Few acts can excite an audience as much as the plate-spinner darting between crockery threatening to wobble out of control and smash on the stage below. In last week’s plate-spinning act here, I’ve been developing my new security watchkeeper Skint, looking at troubled relationships between PDF, Live Text and Spotlight, and working out how to look at new features in the instruction set of M2 and M3 CPUs. It’s the last of those that has started to wobble badly, and looks like it might smash on the stage in front of me.

This centres on a new format of floating-point number, known as bfloat16. It emerged from Google’s Brain project in around 2018, too late to be built into the first generation of Apple silicon chips, the M1 family. However, Apple opted for a more recent version of the Arm instruction set for the CPUs in its M2 and M3 chips, and they now support the format and some important arithmetic operations on bfloat16 numbers.

Like the better-established float16 floating-point number format (IEEE 754 binary16), bfloat16 values only use 16 bits of storage. This makes them more compact to store in bulk, and allows them to be processed more quickly using vector-processing units such as that built into both Performance and Efficiency cores in Apple silicon chips.

The Arm NEON vector-processing unit is designed to perform its instructions on multiple values at the same time, in Single-Instruction, Multiple-Data (SIMD) processing. Cores perform arithmetic instructions on data loaded in their registers, typically of 128 bits size. Those can be used for two 64-bit floating-point numbers, four 32-bit, or eight 16-bit. By using 16-bit floating-point numbers, throughput should be twice as fast as using 32-bit, and four times faster than 64-bit. When you can get away with 16-bit data, there are huge speed gains to be achieved.

Existing float16 numbers can be used for this, but because of their small size they have significant disadvantages. Most importantly, they can only represent numbers between +/- 6.1 x 10^-5 to 65,504. That would require many calculations to scale numbers to fit within their range, imposing further overhead. Neither is it simple to convert between float32 (32-bit floating-point format) and float16.

bfloat16 covers the same range as 32-bit floating-point numbers, about +/- 1.2 x 10^-38 to 3.4 x 10^38, which is more than enough for most calculations, but at reduced precision. Conversion between float32 and bfloat16 is also far quicker. Although originally designed for Machine Learning within the broad field of AI, bfloat16 may prove a faster and more efficient solution in other applications such as display coordinates, where float32 has been standard.

With a shiny new MacBook Pro M3 Pro sat next to me, this seemed an ideal opportunity to look at both the performance of bfloat16 arithmetic and the effects of its reduced precision, so I put that plate on its pole and set it spinning.

Although support for the older float16 format was added to Swift 5.3, bfloat16 doesn’t appear to be on the horizon yet.
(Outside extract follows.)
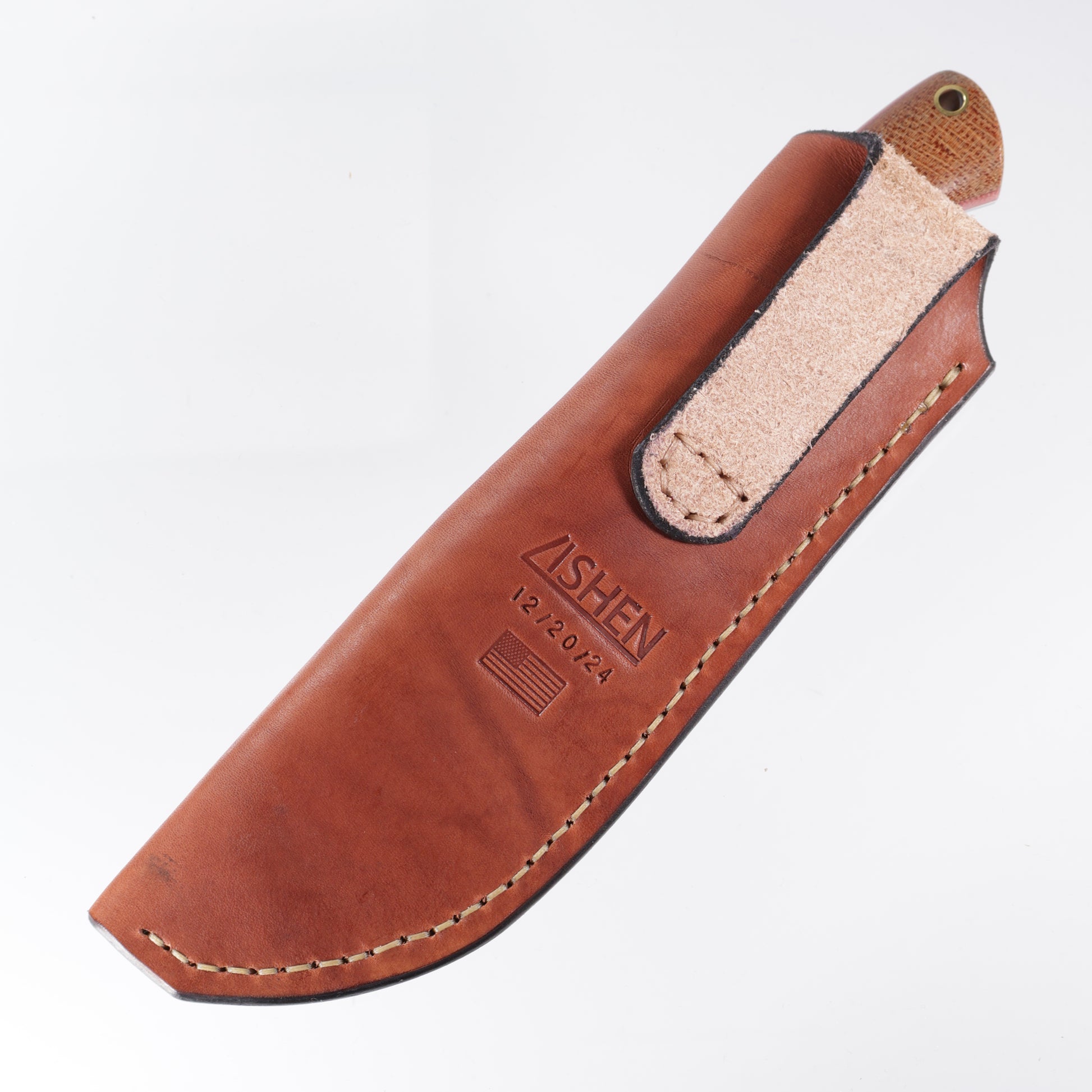 Lishen Knives Skinner featuring an AEB-L blade, natural canvas micarta handle scales w/ thick red liners & a leather belt carry sheath!

In any case, to ensure that my code did what I wanted it to do, I realised that I’d have to write it in assembly language. The next step was to see whether its additions to the instruction set were supported by the LLVM back end of Xcode. Although Apple details how you can check whether any given Arm cores support bfloat16 format, there’s no mention of support in its current advice to those writing assembly code, merely links to Arm’s reference documentation.

The next step was to try one of the new instructions BFCVT, to convert float32 to bfloat16. That was flatly rejected by Xcode, which didn’t recognise the instruction. Maybe I needed to add an option to invoke support. Eventually I discovered a list of almost 1,000 options for the clang LLVM compiler, none of which made any reference to the ARMv8.6A instruction set used by M2 and M3 CPU cores. My plate was starting to wobble badly.
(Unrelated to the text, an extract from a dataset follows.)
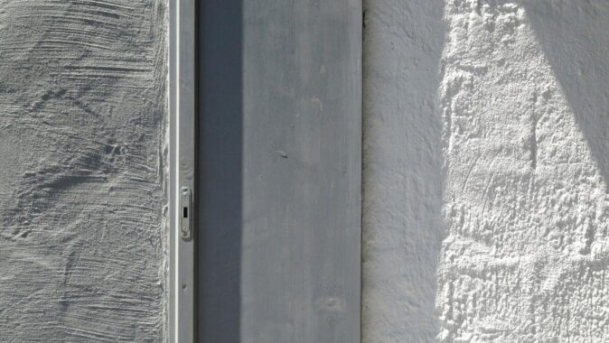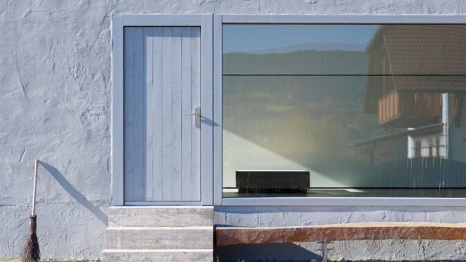 nahrubo omítnutou fasádu a velká dřevěná vrata.

Apple has, though, introduced support for bfloat16 format, as explained by Denis Vieriu, in his presentation at WWDC 2023. But that isn’t implemented in CPU cores, despite their instruction set support, it’s in Metal machine learning APIs exposed through the Metal Performance Shaders framework run on the GPU.

There’s also no sign yet of bfloat16 availability in any of Apple’s Accelerate library, although as that seldom documents which hardware its functions are run on, that would only lead to further questions. I think it’s probably best to catch this plate before it falls, and put it back on the stack for the future.